I am a PhD scholar working with HL-60 cells and I am trying to induce DNA damage to them and detect gamma H2AX proteins (15kDa) by western blotting using a well-documented toxin, Arsenic.
However, instead of seeing a band at the expected 15kDA region, I've detected nothing after repeating the experiment several times. However, my actin band appeared whenever I detected for H2AX and actin simultaneously but surprisingly, there were no band at all for H2AX...! Only once i got some light and merged bands at 15kDa but at that time no actin band appeared..!

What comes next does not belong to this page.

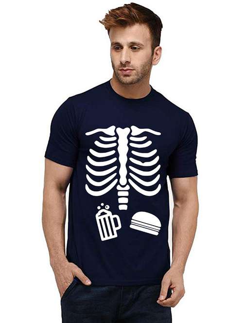 navy blue front printed casual t-shirt

I am very sure that the H2AX proteins are in the cells because I am using high molar concentration of arsenic that is sufficient to induce DNA damage.
where i am going wrong:
Running the gel at wrong voltage (100V) and time (2.5hrs)?
Using wrong PVDF membrane size (0.2uM )?
Transferring proteins at wrong current (200) or for wrong time (1h and 15min)
Using wrong dilution of primary antibody (1:500)?
Using wrong dilution of secondary antibody (1:10000)?
Here is my protocol:
1. Lyse the cells. centrifuge at top speed for 30mins at 4deg Celsius to remove cell debris.
2. Quantitate amount of proteins and load 20ul of protein sample onto a 13% gel. Run gel at 100V for 2.5hrs.
3. Transfer proteins to a 0.2uM PVDF membrane at1h and 15min.
4. Block membrane in freshly prepared 5% milk (in TTBS) at room temp for 1 hr.
5. Incubate membrane with anti-phospho-histone H2AX, diluted 1:500, overnight at 4deg Celsius.
6. Wash with TTBS (3X). Incubate with Rabbit HRP conjugated IgG (diluted 1:10000) for 1hr at room temp.
7. Wash with TTBS (3X) and detect with Immobilon Western Chemiluminescent HRP Substrate.
Please help me out with this problem of mine..
I shall be very thankful to you.
Edited by kokoakash, 13 August 2012 - 10:36 PM.